Not nitpicking (at least that's not my intent), just adding: Only if you know
what the variables are.

This occurred to me because I'm myself an interesting medical case beating
even a professor of medicine's prediction, as well as independent ones from
various doctors about other things that turned out to be symptoms of the same
underlying chronic poisoning issue that I had to diagnose myself, and only
then find the right specialist for it. There has been sooo much interesting
stuff going on in my body during years of slow recovery (and a few "miracles"
that left doctors literally speechless), but I would not be able to say how
you could repeat the "experiment". Too little is known about any of what goes
on inside me right now, my doctor (researcher at university clinic) has long
ago admitted that we left the area of known study-supported medicine behind.

I suspect a few mechanisms based on observing myself that I have no way and no
idea how to prove. So I'm of course not certain what I can claim, or what
exactly happened, but neither would I know how to repeat my personal
experiment even if human experiments were possible. It's just too much unknown
territory. And in the end my experiences will all be lost, unfortunately.

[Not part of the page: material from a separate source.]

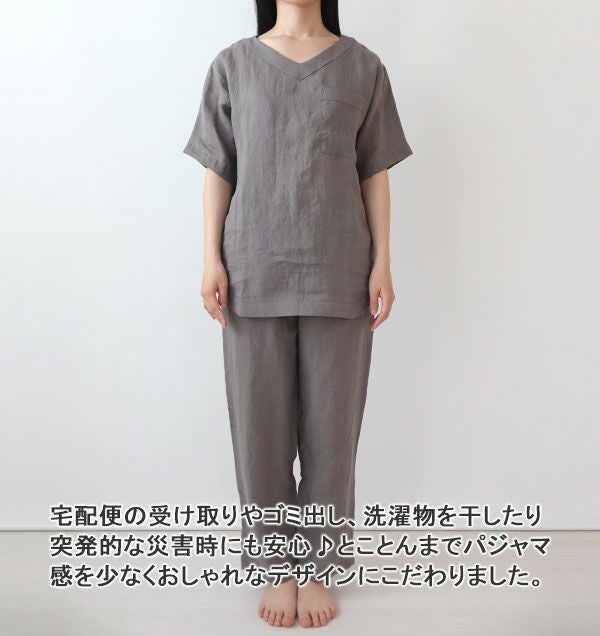 リラックス感があり涼しいリネン100%の天竺ニットのレディースパジャマ上着です!半袖Vネックデザインで風通しがよく快適で見た目もルームウェアのようで、お好みのズボンと合わせてコーディネートもお楽しみいただけます!

An example for something I suspect: Some diseases like the common cold may not
always be orthogonal and superfluous. In my case, over the years, I got more
and more the impression that it actively helped my body to get rid of what was
stored over decades. I suspect that everything is much more intertwined and
connected and not separate. One prediction I _could_ make based on this
suspicion is that if we were to be able to eliminate mild diseases like the
cold completely we would get more serious diseases or other issues down the
road. That's not a practical experiment though, maybe some large-scale
observational studies can get some hints one way or the other, but it will be
too messy and too uncertain for anything even close to a definite proof or
disproof.

Another thing I suspect is that even very low level exposure (far below
officially allowed levels) to heavy metals has very real consequences - it's
just that on an individual basis we are almost utterly unable to show it. We
can do it only on a population basis, and we all know how messy that is with
all the known and unknown confounders.

------
forapurpose
_Doubt is not a pleasant condition, but certainty is absurd._ [0]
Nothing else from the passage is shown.